A difference in case.

'\uFDF0'..'\uFFFF' is not the same range as '\uFDF0'..'\uFFFD'. It is not a matter of a difference in case.

kaby76 avatar Jul 11 '24 15:07 kaby76

I think you know what I mean. Or perhaps not.

On Thu, Jul 11, 2024 at 09:34 Ken Domino @.***> wrote:

A difference in case.

'\uFDF0'..'\uFFFF' is not the same range as '\uFDF0'..'\uFFFD'. It is not a matter of a difference in case.

— Reply to this email directly, view it on GitHub https://github.com/antlr/antlr4/issues/4655#issuecomment-2223260633, or unsubscribe https://github.com/notifications/unsubscribe-auth/AAJ7TMAIGNOFGKWOAHDFSBTZL2QX5AVCNFSM6AAAAABKOVPXACVHI2DSMVQWIX3LMV43OSLTON2WKQ3PNVWWK3TUHMZDEMRTGI3DANRTGM . You are receiving this because you commented.Message ID: @.***>

jimidle avatar Jul 11 '24 16:07 jimidle

Any updates on this ? Or is there an option to hide the test, in the source, it seems that it cannot be skipped ?

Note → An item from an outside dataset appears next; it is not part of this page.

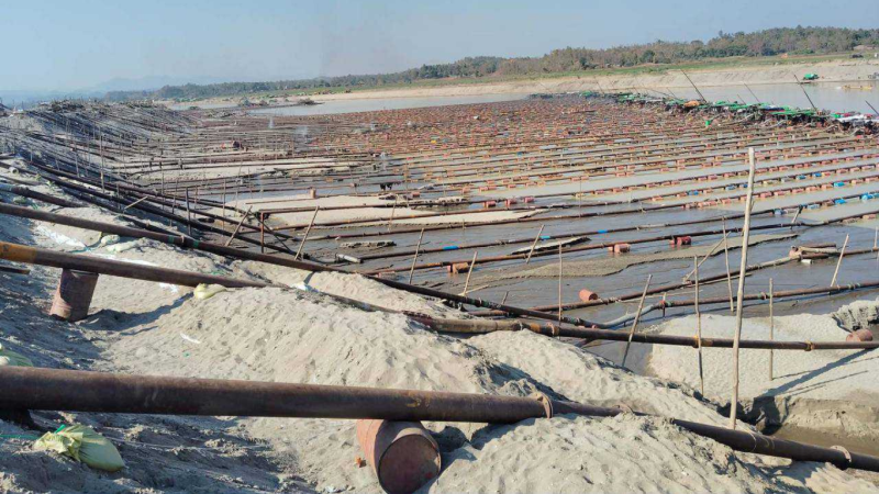 ယခင်က သူ့စိုက်ခင်းနေရာတွင် ဖောင်တွဲနှင့် ပိုက်များ အစီအရီ တန်းစီချထားသည်။ မျောဖောင်များက ချင်းတွင်းမြစ်အတွင်း ပျံ့နှံ့လျက် တဂျုံးဂျုံးတဂျက်ဂျက်နှင့် စက်ယန္တရားအသံများပါ ဆူညံနေသည်။

jules-l-jimmy avatar Jul 19 '24 09:07 jules-l-jimmy

we don't always regen those but I'm gonna do a release soon and will try to regen those.

parrt avatar Jul 19 '24 17:07 parrt

Should we propose PR to remove this print/check from python runtime ? It seems not there in other runtime.

Thomasb81 avatar Jul 19 '24 18:07 Thomasb81

@Thomasb81 no, the check is in every runtime (and should stay there, we don't want to deal with very complex errors caused by an undetected change in serialization format)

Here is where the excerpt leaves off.